First is "Time restricted feeding without reducing caloric intake prevents metabolic diseases in mice fed a high fat diet". This is a 2012 study by Hatori, et al. Available at the National Institutes of Health website. The link is http://www.ncbi.nlm.nih.gov/pmc/articles/PMC3491655/. These researchers are at the Salk Institute for Biological Studies.

In this study, the researchers had four groups of mice. Two groups ate normal food (13% fat) and the other two groups ate a high fat diet (61% fat). They were all fed the exact same amount of food, however, one of the normal chow groups and one of the high fat chow groups were allowed to eat at will (ad lib) all day long. The other two groups were restricted to eating during an 8 hour feeding window (exactly the idea behind 16/8 IF). Their results showed that the mice on the 16/8 IF diet had increased metabolism, more energy, burned more fat and were healthier. The results for the high fat groups showed an even greater health outcome for the time restricted diet over the ad lib feeding. This study tends to support the idea that restricting eating to an 8 hour window results in more fat burning and a better hormone balance.

The second study I found supporting this is "Effect of intermittent fasting and refeeding on insulin action in healthy men" by Halberg, et al, published in 2005. The link to this study is - http://jap.physiology.org/content/99/6/2128.full.pdf+html

In this study, healthy men were on a combination Alternate Day IF diet coupled with a 20/4 IF diet. They were fed the proper amount of food to keep their weight stable throughout the study, and ate at normal times on off days stopping all food intake at 10 pm and not eating again until 6 pm the next day. The results of this study showed a marked increase in insulin sensitivity after even a short period of time (two weeks).

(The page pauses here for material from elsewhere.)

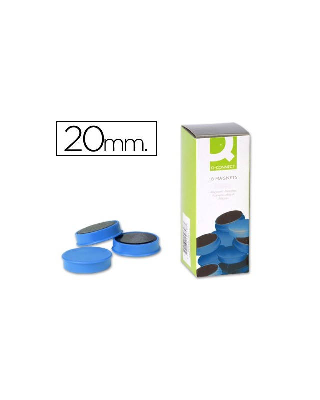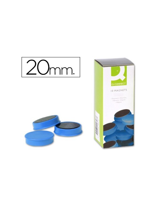 Iman para sujecion q-connect ideal para pizarras magneticas20 mm azul caja de 10 unidades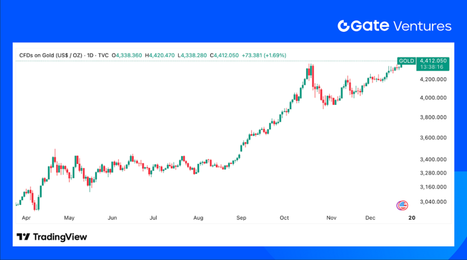 Gold broke $4,400/oz for the first time on Dec 22, with spot trading around $4,412 after hitting a new intraday record. Drivers cited include rate-cut expectations, a weaker dollar, geopolitical/trade tension hedging, and continued central-bank demand. (4)

This is great news, in my opinion. Insulin controls sugar by aiding in the extraction of glucose from the blood and storing it in your liver and muscles in a stable form called glycogen. Glycogen is what our bodies burn first when our bodies need fuel, like when we exercise. However, insulin is also a fat controller. It inhibits lipolysis, which is the breakdown of stored body fat. Simultaneously, it forces cells to take fat from the blood and store as much as possible. So high levels of insulin lead to increased fat storage and low levels lead to fat depletion.

Eating throughout the day, especially if you eat lots of high-glycemic carbohydrates (sugar, sweet foods, refined grains, bread, pasta, etc) our pancreas releases an ever greater amount of insulin to deal with the glucose. Over time, however, the cells stop reacting to the insulin and we become insulin resistant, meaning that it takes an ever increasing amount of insulin to be released. Eventually, the insulin levels stay permanently high. This leads to Type 2 Diabetes. Regular exercise and avoiding high-glycemic foods will help to prevent this. According to this study, so will IF.

The studies cited here, show that intermittent fasting will help to reverse insulin resistance. Importantly, IF will also aid in restoring a healthy hormone balance, help to raise your metabolism, and achieve & maintain a healthy body fat percentage. In my opinion, this is clearly a good reason to try intermittent fasting in one form or another. I believe that the 16/8 IF may be the easiest to stick with. The 5/2 IF is probably easier if you work odd schedules. You can clearly modify these somewhat to meet your weight, metabolic and hormonal needs. Many people use Alternate Day (AD) fasting instead of 5/2, while others use a 6/1 fasting schedule. 16/8 could be 18/6 or 20/4 just as easily. Likewise, you may want to use a combination of these where you eat the full amount of your RDI 5 days per week and 600 - 700 calories 2 days per week, but restrict your eating on all days to an 8 hour window. With all of the possible permutations, I believe that there has to be an IF that will work for everyone's lifestyle and personal choice.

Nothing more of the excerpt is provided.